What are ways we can cope with hearing loss?

I bet you are well aware that, for most people, problems with close-up vision begin in your 40s. But did you notice that the same kind of thing was true of your hearing? If you are like me, when you were in your 40s or 50s, you began to notice that it was getting a bit harder to have a conversation in a noisy place. This happens to all of us and it is as normal as developing a need for reading glasses. Most of us recognize that need and get ourselves our first reading glasses pretty quickly, usually from Walgreens or a similar place. But we have more difficulty recognizing our hearing problems and especially knowing what to do about them. For this reason, adults who develop hearing problems typically wait about 10 years before they seek help. This is a bad idea because you lose listening skills during that period and it is hard to get them back.

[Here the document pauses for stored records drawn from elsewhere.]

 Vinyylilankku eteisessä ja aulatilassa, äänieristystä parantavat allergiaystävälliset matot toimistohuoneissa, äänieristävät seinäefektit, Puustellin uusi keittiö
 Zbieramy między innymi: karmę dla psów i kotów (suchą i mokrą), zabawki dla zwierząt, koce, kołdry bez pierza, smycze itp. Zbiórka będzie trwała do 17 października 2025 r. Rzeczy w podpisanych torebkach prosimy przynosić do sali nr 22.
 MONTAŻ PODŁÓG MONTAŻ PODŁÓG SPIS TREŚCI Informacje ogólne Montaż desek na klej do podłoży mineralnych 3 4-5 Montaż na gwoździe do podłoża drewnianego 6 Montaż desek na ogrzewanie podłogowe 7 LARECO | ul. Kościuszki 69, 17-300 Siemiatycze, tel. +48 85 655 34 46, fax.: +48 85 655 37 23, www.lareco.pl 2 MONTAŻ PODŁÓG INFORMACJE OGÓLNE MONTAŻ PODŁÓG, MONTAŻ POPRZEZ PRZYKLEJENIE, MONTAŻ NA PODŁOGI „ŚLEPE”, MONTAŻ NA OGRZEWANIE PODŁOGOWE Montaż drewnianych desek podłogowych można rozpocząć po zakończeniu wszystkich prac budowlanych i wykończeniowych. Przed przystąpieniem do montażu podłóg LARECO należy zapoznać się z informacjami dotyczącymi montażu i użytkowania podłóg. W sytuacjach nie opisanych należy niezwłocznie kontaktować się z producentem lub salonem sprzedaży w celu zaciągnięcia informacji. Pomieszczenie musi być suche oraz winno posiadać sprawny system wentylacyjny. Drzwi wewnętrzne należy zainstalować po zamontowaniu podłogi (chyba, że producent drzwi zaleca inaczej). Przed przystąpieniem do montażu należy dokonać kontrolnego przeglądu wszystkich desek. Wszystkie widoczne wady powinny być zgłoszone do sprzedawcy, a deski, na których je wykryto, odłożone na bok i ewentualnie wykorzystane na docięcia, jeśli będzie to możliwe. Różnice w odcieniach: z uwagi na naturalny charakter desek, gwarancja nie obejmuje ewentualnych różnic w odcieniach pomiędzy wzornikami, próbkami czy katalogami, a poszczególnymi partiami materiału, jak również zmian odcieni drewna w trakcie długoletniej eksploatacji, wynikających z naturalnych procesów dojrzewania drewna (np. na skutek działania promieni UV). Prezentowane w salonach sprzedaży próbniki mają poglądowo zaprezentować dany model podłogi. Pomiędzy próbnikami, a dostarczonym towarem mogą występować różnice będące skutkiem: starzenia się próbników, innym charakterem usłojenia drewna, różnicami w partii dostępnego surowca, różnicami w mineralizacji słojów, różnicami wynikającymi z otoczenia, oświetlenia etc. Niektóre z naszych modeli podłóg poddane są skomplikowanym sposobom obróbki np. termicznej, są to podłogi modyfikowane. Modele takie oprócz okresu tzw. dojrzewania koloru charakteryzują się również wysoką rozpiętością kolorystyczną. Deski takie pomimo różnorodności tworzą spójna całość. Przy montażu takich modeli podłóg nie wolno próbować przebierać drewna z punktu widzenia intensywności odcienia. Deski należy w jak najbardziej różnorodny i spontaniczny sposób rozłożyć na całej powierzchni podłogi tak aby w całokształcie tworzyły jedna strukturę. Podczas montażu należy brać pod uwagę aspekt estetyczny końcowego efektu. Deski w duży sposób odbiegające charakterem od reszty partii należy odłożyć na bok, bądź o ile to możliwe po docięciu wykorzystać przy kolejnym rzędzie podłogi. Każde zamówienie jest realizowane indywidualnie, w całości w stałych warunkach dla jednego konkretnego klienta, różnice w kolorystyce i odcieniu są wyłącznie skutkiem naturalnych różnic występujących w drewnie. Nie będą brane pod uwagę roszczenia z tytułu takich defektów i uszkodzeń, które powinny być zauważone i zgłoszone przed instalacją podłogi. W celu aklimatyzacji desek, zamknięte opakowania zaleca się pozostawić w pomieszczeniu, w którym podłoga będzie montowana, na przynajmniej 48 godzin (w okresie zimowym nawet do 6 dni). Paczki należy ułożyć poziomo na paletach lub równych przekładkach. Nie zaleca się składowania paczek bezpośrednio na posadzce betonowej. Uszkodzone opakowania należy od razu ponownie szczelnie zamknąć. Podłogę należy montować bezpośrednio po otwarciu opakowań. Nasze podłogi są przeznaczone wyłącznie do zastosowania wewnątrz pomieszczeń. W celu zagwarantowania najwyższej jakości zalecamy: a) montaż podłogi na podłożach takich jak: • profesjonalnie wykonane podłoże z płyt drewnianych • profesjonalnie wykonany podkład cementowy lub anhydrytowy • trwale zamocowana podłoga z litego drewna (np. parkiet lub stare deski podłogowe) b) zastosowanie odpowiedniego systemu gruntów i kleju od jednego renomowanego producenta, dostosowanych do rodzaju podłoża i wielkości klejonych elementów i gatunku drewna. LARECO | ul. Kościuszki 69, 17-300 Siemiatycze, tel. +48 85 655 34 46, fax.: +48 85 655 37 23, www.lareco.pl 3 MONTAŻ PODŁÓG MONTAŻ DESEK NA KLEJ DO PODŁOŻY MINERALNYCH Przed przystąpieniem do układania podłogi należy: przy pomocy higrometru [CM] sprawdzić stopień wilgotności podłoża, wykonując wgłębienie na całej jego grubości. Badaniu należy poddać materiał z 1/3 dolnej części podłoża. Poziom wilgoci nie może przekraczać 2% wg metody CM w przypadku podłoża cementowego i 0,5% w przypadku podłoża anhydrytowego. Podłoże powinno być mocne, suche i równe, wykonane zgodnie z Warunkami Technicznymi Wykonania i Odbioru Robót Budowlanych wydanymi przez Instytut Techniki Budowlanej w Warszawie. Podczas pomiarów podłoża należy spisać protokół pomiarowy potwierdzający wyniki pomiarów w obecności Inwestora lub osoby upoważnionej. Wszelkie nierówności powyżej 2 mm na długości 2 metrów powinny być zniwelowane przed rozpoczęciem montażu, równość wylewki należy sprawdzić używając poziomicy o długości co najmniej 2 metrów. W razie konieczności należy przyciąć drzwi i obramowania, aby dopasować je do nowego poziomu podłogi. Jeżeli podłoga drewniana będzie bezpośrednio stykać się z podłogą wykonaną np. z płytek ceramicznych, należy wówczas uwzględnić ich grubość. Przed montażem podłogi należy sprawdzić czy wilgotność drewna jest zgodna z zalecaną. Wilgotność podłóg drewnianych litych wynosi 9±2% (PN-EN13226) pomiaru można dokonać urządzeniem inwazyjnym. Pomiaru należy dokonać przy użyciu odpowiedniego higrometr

If you start to notice hearing problems, what can you do?

There are actually two kinds of treatments available. One treatment involves learning communication skills and strategies to maximize your ability to use the hearing you do have. This type of treatment is fairly new, but is becoming more available and can be quite useful. The other treatment is to purchase hearing aids. I know that hearing aids tend to have a bad reputation and this used to be deserved, but it is mostly unfounded now. The development of “digital everything” has allowed tremendous improvements in appearance and function of hearing aids, but often folks are not sure that their hearing has really become bad enough to justify the time and expense of prescription hearing aids. So the ideal thing would be this: When you begin to notice that you are developing hearing problems, don’t wait.

Can you buy a hearing aid much like you can reading glasses at drug stores?

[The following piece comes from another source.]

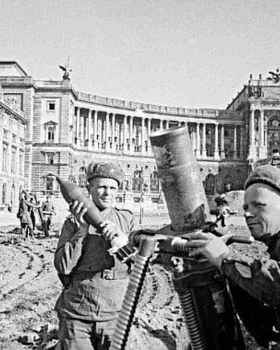 Фото: Советские минометчики ведут огонь по противнику с площади дворца Хофбург в Вене © РИА Новости / Е. Халдей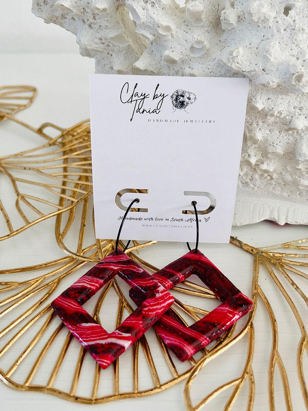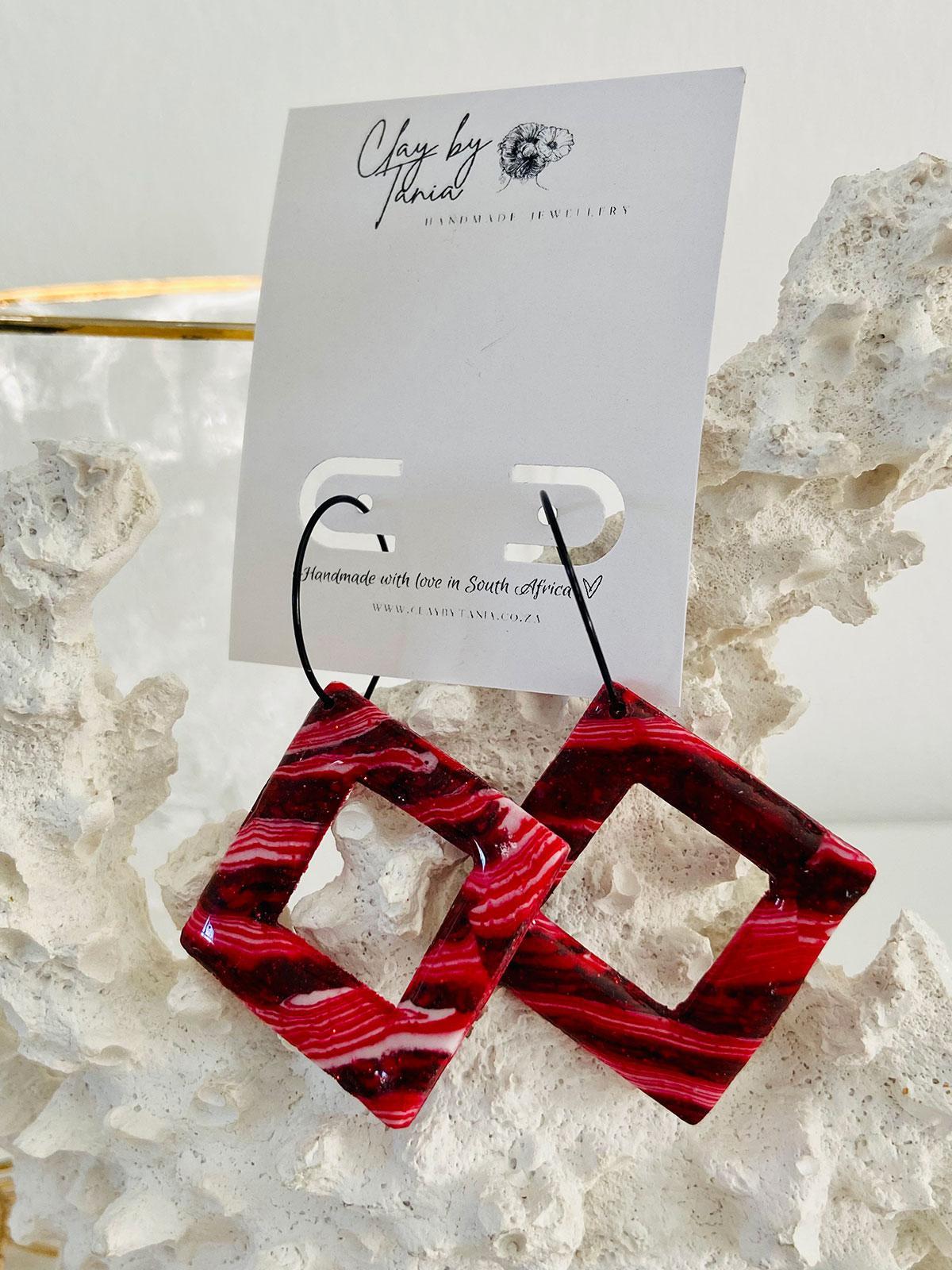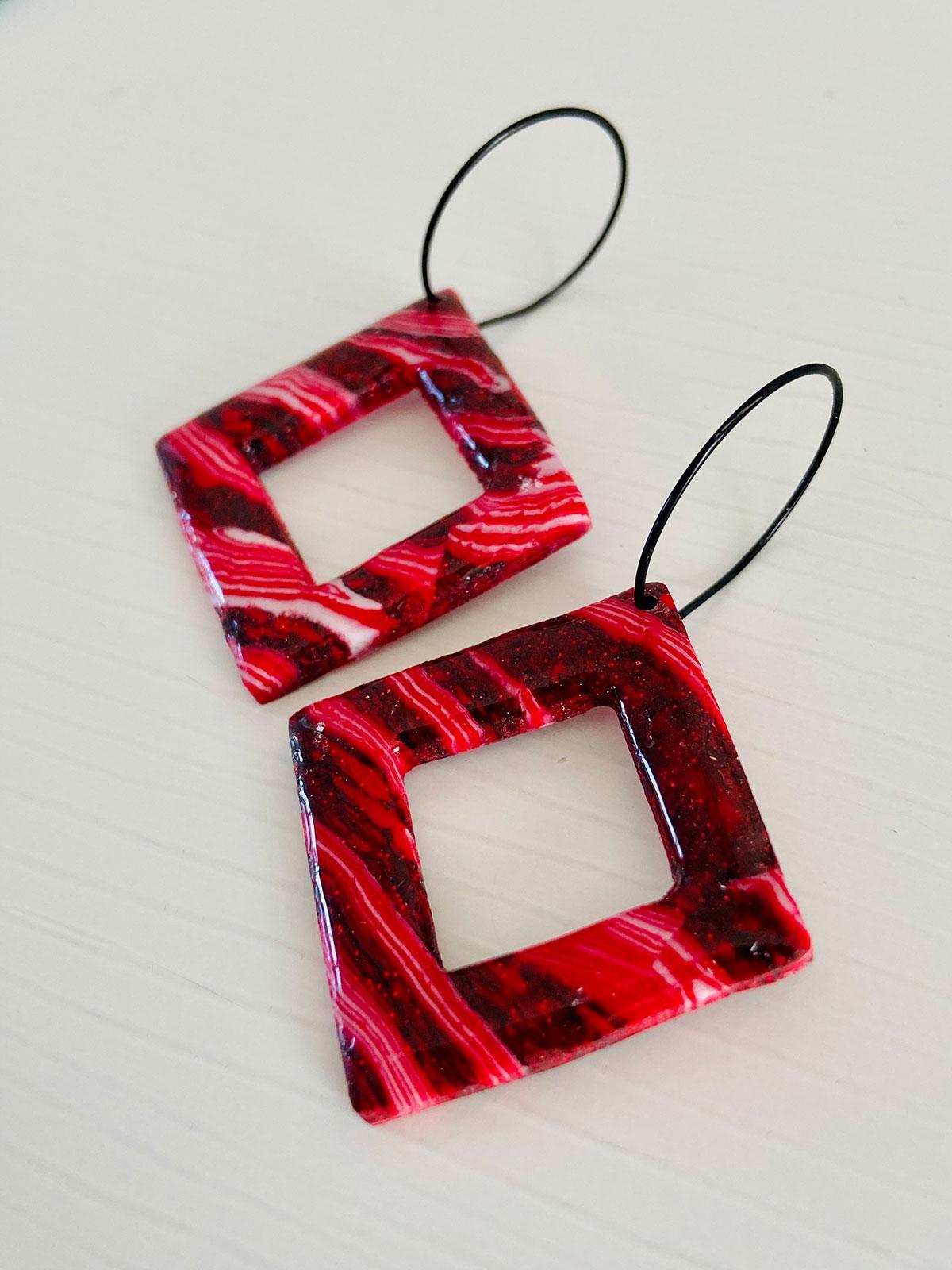 Colour/s: Red. Diamond with cut-out on small black hoop

Actually, you cannot buy a starter hearing aid in drug stores and there is really no good reason for this. The FDA must give approval to sell hearing aids this way, and this approval has been blocked for reasons that, in my opinion, probably are not in the best interests of the public. The fact is that the technology exists to put quite sophisticated starter hearing aids in places like drug stores – a similar concept to the reading glasses you can get there. These devices could serve the public good by providing an accessible introduction to state-of-the-art amplified sound, and they would be no more dangerous to the public than many other things sold in drug stores. In the meantime, many hearing aids are being illegally marketed over the counter or online simply by not calling them what they are. There is even an iPhone App that is basically a hearing aid. You’ve seen those advertisements — they claim to sell aids for hunting, bird watching or eavesdropping. The ones I have read about are incredibly primitive by comparison with what could be available to help folks.

So here’s my message: It is time for high-technology, legal, over-the-counter, introductory hearing aids. It can be done very well right now. But the impetus for this change must come from consumer demand. I hope you will work with me on this. Let’s all encourage the FDA to approve over-the-counter introductory hearing aids in this country instead of waiting another 10 years.